Wineland told the AP he was sleeping when his wife answered the phone at 3:30 a.m. local time in Denver. He was utterly shocked even though his name had come up before.
"But actually I hadn't heard anything this time around. It was certainly surprising and kind of overwhelming right now," he said. "I feel like I got a lot smarter overnight."
Asked how he will celebrate, Wineland said: "I'll probably be pretty worn out by this evening. I'll probably have a glass of wine and fall asleep."
Wineland took pains to note that many people are working in the field. "First of all, a lot of people have been working on advanced computers and atomic clocks for a long time. It's a bit embarrassing to focus on just two individuals," he said.
Wineland told reporters that he thinks that in the next decade or so, quantum computers will cross a threshold and be able to handle problems that are intractable on today's computers.
"At this point I wouldn't recommend anybody buy stock in a quantum computing company ... but we're optimistic," he said.

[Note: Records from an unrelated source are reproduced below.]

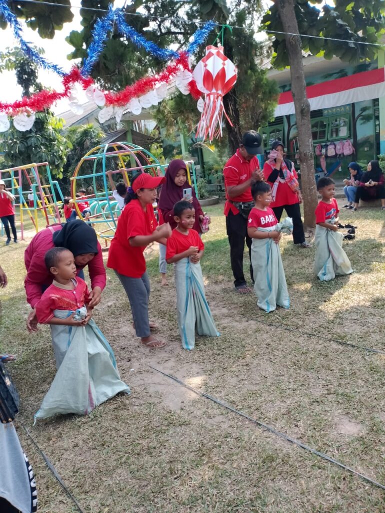 Sementara itu, untuk TK B, terdapat dua jenis lomba, yaitu lari balap karung dan jalan cepat membawa sendok dan kelereng. Lomba-lomba di TK B tidak kalah seru, dengan anak-anak yang bersemangat dan antusias, bahkan ada yang masuk ke dalam karung saat berlari, namun mereka dengan gigih bangkit dan melanjutkan perlombaan. Lomba “mama mia” juga menjadi momen seru, di mana orang tua berlari sambil menggendong anak mereka, turut terlibat dengan menggendong anak mereka untuk memasukkan besek dalam cantolan.
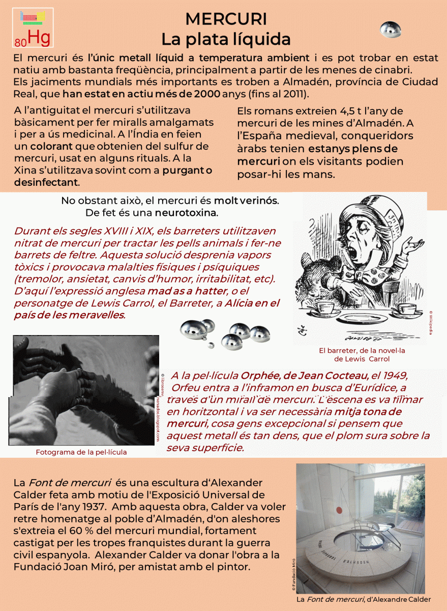 A la pel·lícula Orphée, de Jean Cocteau, el 1949, Orfeu entra a l’inframon en busca d’Eurídice, a través d’un mirall de mercuri. L’escena es va filmar en horitzontal i va ser necessària mitja tona de mercuri, cosa gens excepcional si pensem que aquest metall és tan dens, que el plom sura sobre la seva superfície.
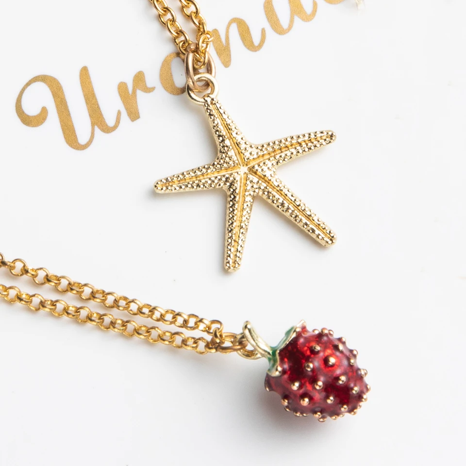 Женщины Ожерелье Мультфильм Фруктовые Цветы Кошка Морская Звезда Колье Ожерелья Подвески Для Девочек Дети Морковь Кокосовый лист Макарон Цветок солнца Ромашка Золотая цепочка Ожерелье Ювелирные изделия Подарки
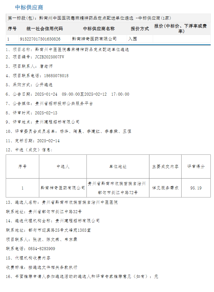 【黔南州中医医院】贵州省黔南州中医医院毒麻精神药品定点配送单位遴选结果公告
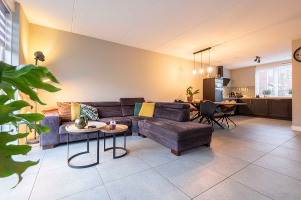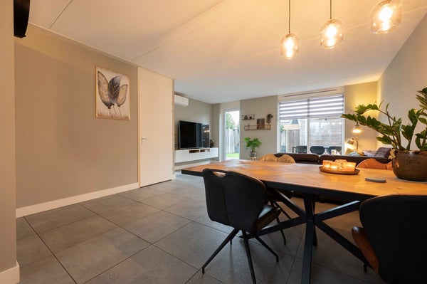 Stap binnen in de lichte hal met modern toilet en trapopgang. Vanuit de hal loop je direct door naar de comfortabele, fraai afgewerkte woonkamer. Grote raampartijen vangen volop daglicht en geven meteen een warm welkom. Zie je jezelf al zitten met een kop koffie aan de eettafel, of juist languit op de bank na een drukke dag? Zet de deur open naar de achtertuin en geniet van het buitenleven, terwijl je binnen profiteert van vloerverwarming. Handig: onder de trap verschuilt zich een handige voorraadkast, ideaal voor je voorraad, kinderspelletjes of andere spullen die je graag uit het zicht houdt.
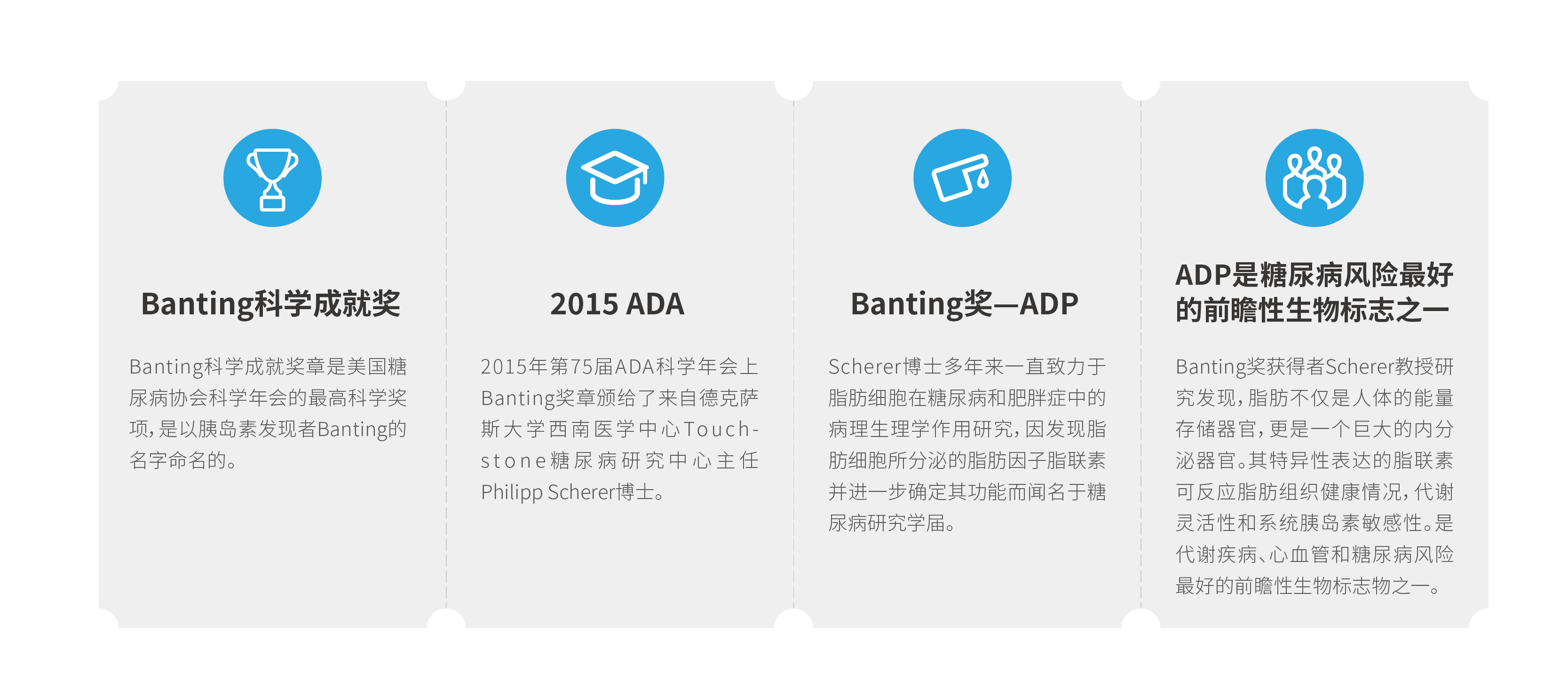 脂聯素(Adiponectin,ADP) 是由脂肪細胞分泌的、對人體有保護作用的特異性脂肪因子,人脂聯素由244個氨基酸組成,是一種血漿含量相對豐富的蛋白,其基因位於染色體3q27,這也是糖尿病易感基因所在處。脂聯素具有調節糖脂代謝,抗炎症反應,抗動脈粥樣硬化等生理功能。世界多項著名前瞻性研究列隊都得出一致結論,脂聯素水平越低,患糖尿病的風險越高。ADP是糖尿病風險最好的前瞻性生物標誌之一。
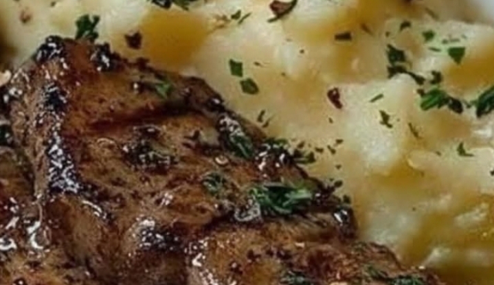 Plate the creamy mashed potatoes and top with garlic butter steak bites.
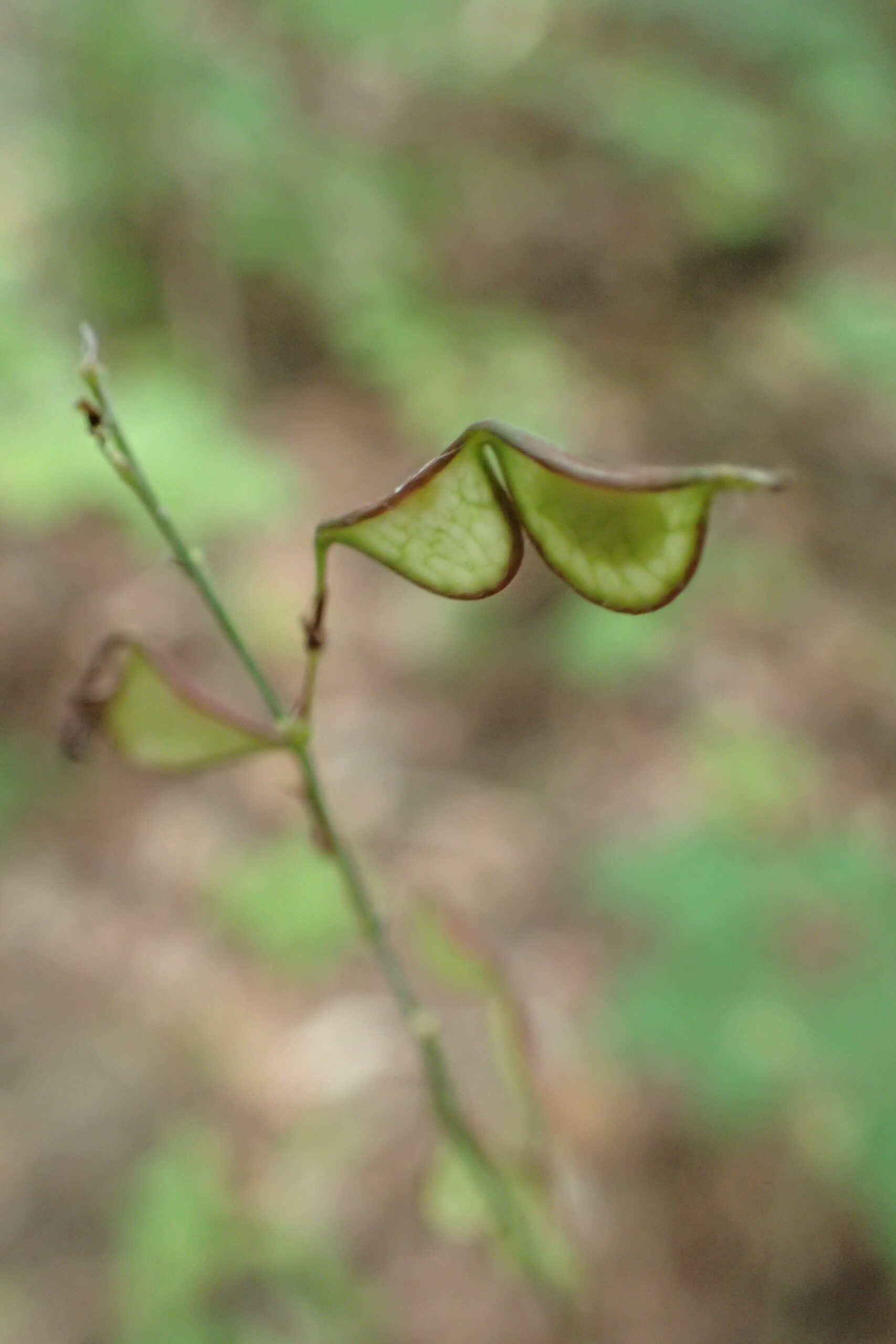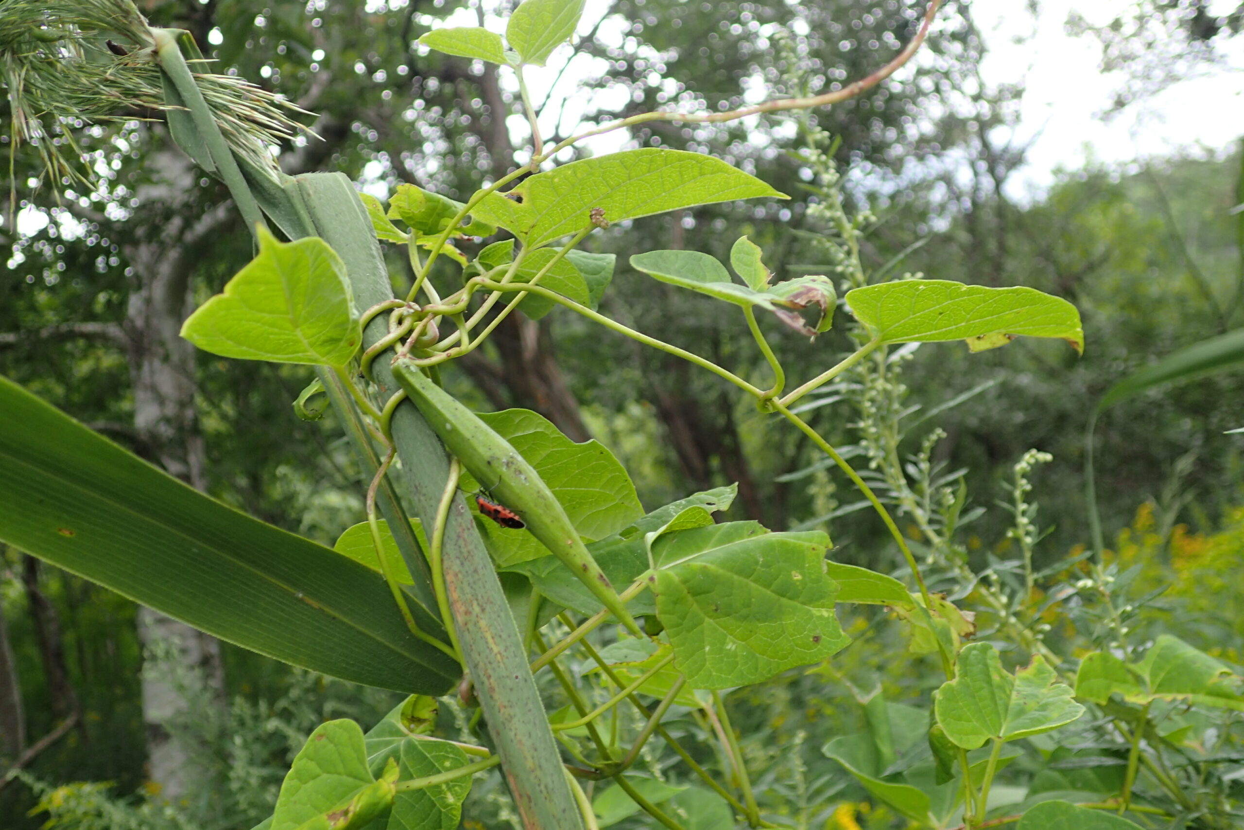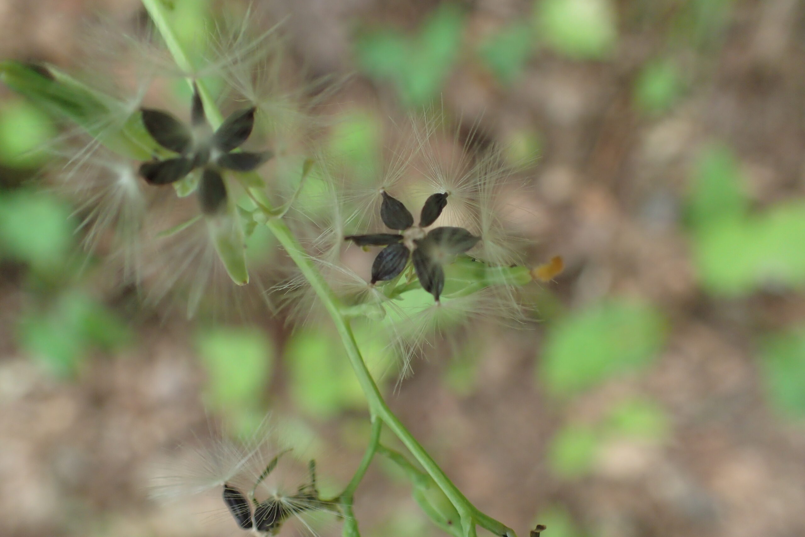 これはイケマの果実です。熟すと中から出てくる種子には長い種髪がついていて、風に運ばれます。
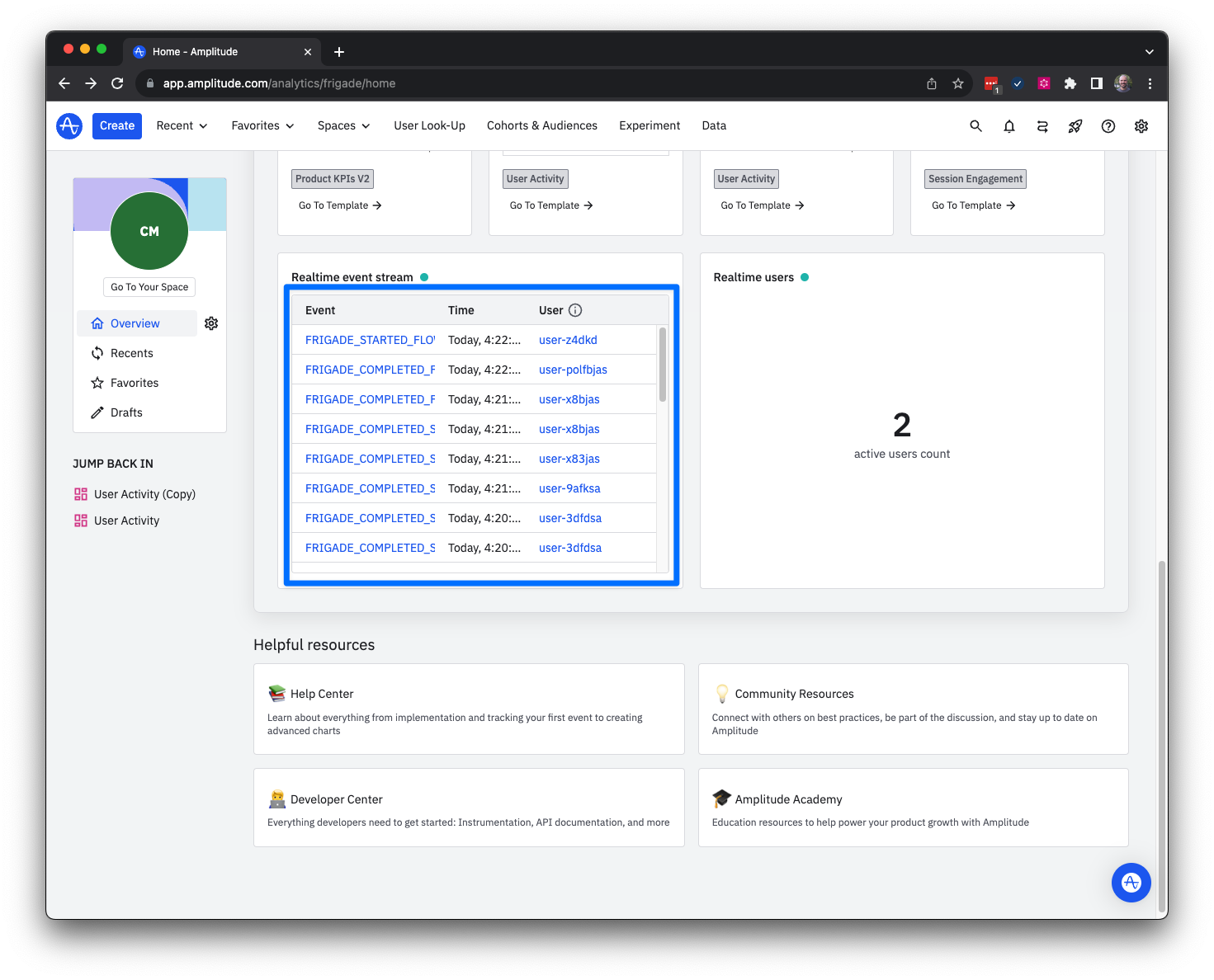 Open the dashboard for the project you selected in step 1 and take some action in any given Frigade Flow such as completing a step. You should see events starting to stream from Frigade in the Realtime event stream widget:

The Nobel judges said quantum computers could radically change people's lives in the way that classical computers did last century, but a full-scale quantum computer is still decades away.
"The calculations would be incredibly much faster and exact and you would be able to use it for areas like ... measuring the climate of the earth," said Lars Bergstrom, the secretary of the prize committee.
Christopher Monroe, who does similar work at the Joint Quantum Institute at the University of Maryland, said the awarding of the prize to the two men "is not a big surprise to me. ... It was sort of obvious that they were a package."
Monroe said that thanks to the bizarre properties of the quantum world, when he and Wineland worked together in the 1990s, they were able to put a single atom in two places simultaneously.
At that time, it wasn't clear that trapping single atoms could help pave the way to superfast quantum computers, he said. That whole field "just fell into our laps."
In an ordinary computer, information is represented in bits, each of which is either a zero or a one. But in a quantum computer, an individual particle can essentially represent a zero and a one at the same time. If scientists can make such particles work together, certain kinds of calculations could be done with blazing speed.
One example is factoring, the process of discovering what numbers can be multiplied together to produce a given number. That has implications for breaking codes, Monroe said.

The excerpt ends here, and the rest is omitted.